=== Begin Enclosure ===

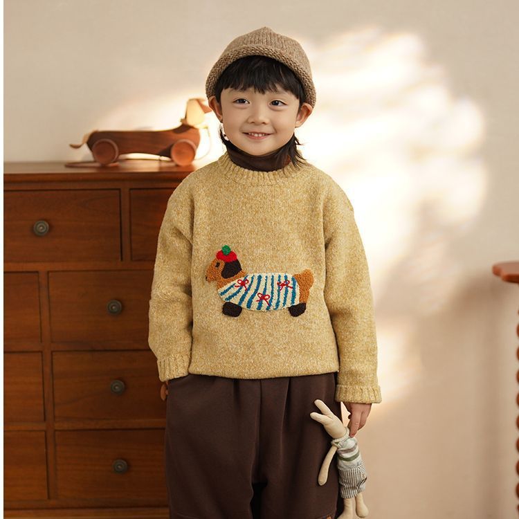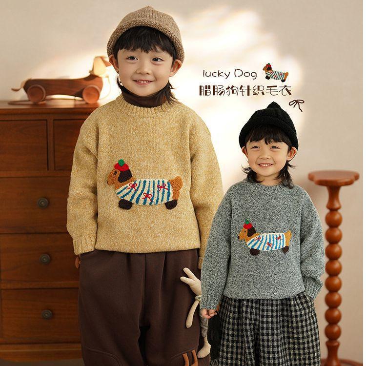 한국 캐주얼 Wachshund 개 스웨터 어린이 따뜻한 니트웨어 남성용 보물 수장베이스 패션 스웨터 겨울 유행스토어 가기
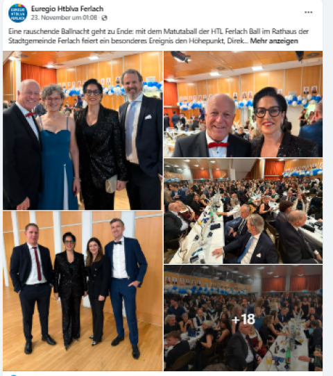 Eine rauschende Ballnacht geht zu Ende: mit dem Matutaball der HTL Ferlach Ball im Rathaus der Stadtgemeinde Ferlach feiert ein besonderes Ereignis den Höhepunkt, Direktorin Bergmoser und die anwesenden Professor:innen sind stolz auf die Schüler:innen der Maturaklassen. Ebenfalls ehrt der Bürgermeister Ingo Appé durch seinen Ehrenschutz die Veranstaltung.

=== End Enclosure ===
=== Begin Enclosure ===

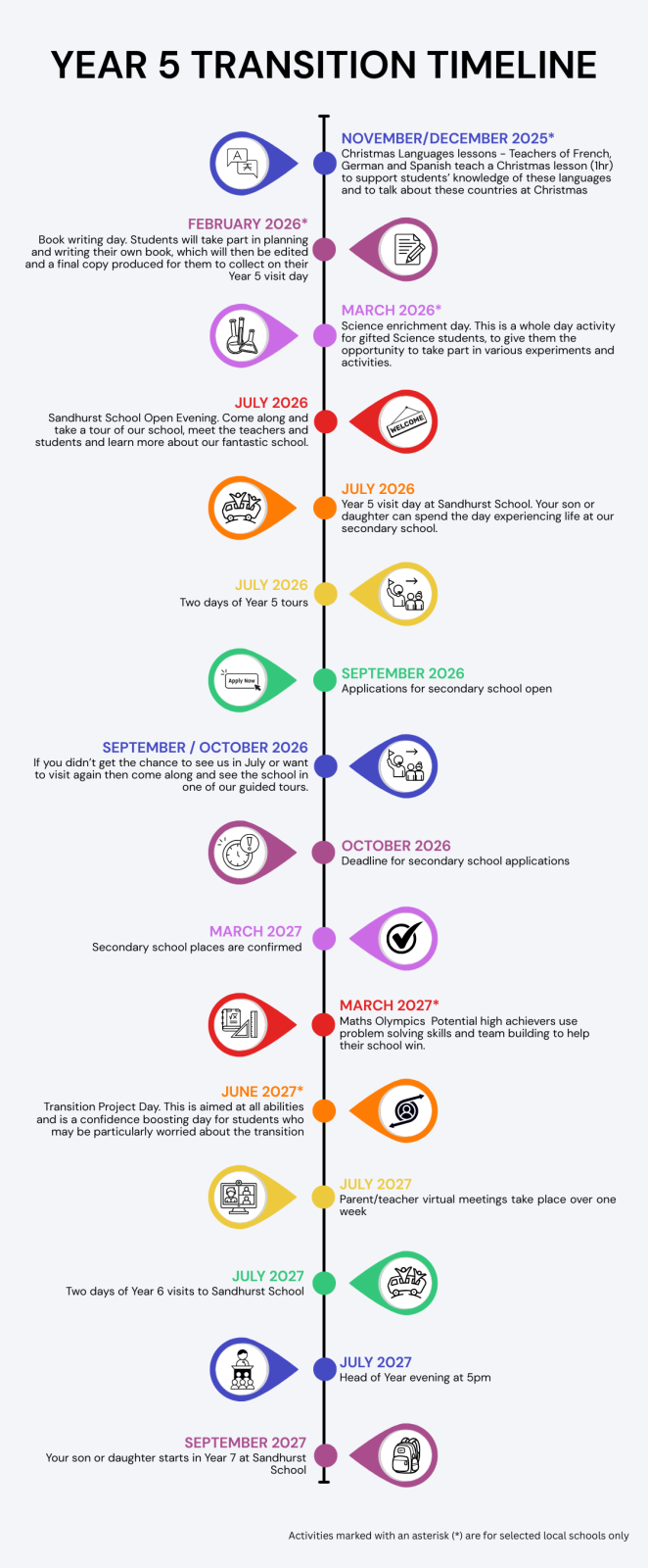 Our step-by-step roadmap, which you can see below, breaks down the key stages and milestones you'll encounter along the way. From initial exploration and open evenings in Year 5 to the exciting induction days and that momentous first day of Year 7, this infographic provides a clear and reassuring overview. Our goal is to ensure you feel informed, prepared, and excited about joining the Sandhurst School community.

=== End Enclosure ===

YOUR ASSIGNMENT: Reproduce exactly the lines of the data above that run from the line with "한국 캐주얼 Wachshund" down to the line with "Eine rauschende Ballnacht", both ends included. Pictures do not belong in the copy.

RESULT FOR THIS EXERCISE:
 한국 캐주얼 Wachshund 개 스웨터 어린이 따뜻한 니트웨어 남성용 보물 수장베이스 패션 스웨터 겨울 유행스토어 가기
 Eine rauschende Ballnacht geht zu Ende: mit dem Matutaball der HTL Ferlach Ball im Rathaus der Stadtgemeinde Ferlach feiert ein besonderes Ereignis den Höhepunkt, Direktorin Bergmoser und die anwesenden Professor:innen sind stolz auf die Schüler:innen der Maturaklassen. Ebenfalls ehrt der Bürgermeister Ingo Appé durch seinen Ehrenschutz die Veranstaltung.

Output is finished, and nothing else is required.